Sue will be joined in conversation by sociologist Ruth Penfold-Mounce of the University of York.

 

This event is hosted live on Zoom Webinar. You’ll receive a link to join a couple of days before the event takes place and a reminder an hour before. During the event, you can ask questions via a Q&A function but audience cameras and microphones will remain muted throughout.

Image credit: Morgan SilkWired © The Conde Nast Publications Ltd

 

Book sales

You can buy copies of many of our speakers’ books from Fox Lane Books, a local independent bookseller and Festival partner.  In some cases, author signed bookplates are available too.  

About the speakers

Professor Dame Sue Black is one of the world’s leading anatomists and forensic anthropologists. She is also the Pro-Vice Chancellor for Engagement at Lancaster University and has just been elevated to the House of Lords. She was the lead anthropologist for the British Forensic Team's work in the war crimes investigations in Kosovo, and she was one of the first forensic scientists to travel to Thailand following the Indian Ocean tsunami to provide assistance in identifying the dead. Sue is a familiar face in the media, where documentaries have been filmed about her work, and she led the highly successful BBC 2 series History Cold Case. Sue was appointed Dame Commander of the Order of the British Empire in the 2016 Queen’s Birthday Honours for services to forensic anthropology. She is the author of the critically acclaimed Sunday Times bestseller All That Remains.

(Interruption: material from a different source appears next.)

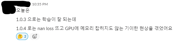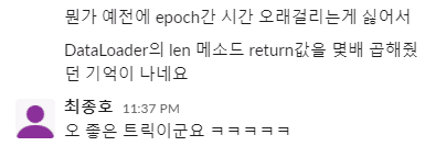 그 외에도 epoch 사이의 dataloader가 느려진다던가 하는 이슈가 있는 것 같은데, 아직 원인도 해결 방법도 찾지 못했습니다. 동아리에도 비슷한 이슈를 겪으신 분들이 있는 것 같았는데, 아직은 ad-hoc로 해결하고 계신듯하더라고요. 이게 pl자체의 이슈인지, 혹은 원래도 PyTorch에 있는 현상인지는 모르겠습니다.

Dr Ruth Penfold-Mounce is a Senior Lecturer in the Sociology Department at the University of York. Her research interests lie in crime, popular culture and death with her most recent book Death, The Dead and Popular Culture published by Emerald in 2018. Ruth is the principal Editor of Emerald Studies in Death and Culture, leads the Death and Culture Network (DaCNet) and is keen user of twitter @DeathandCulture. She is passionate about getting the public to engage with academic research as well as social issues and ideas more broadly and annually contributes to the York Festival of Ideas.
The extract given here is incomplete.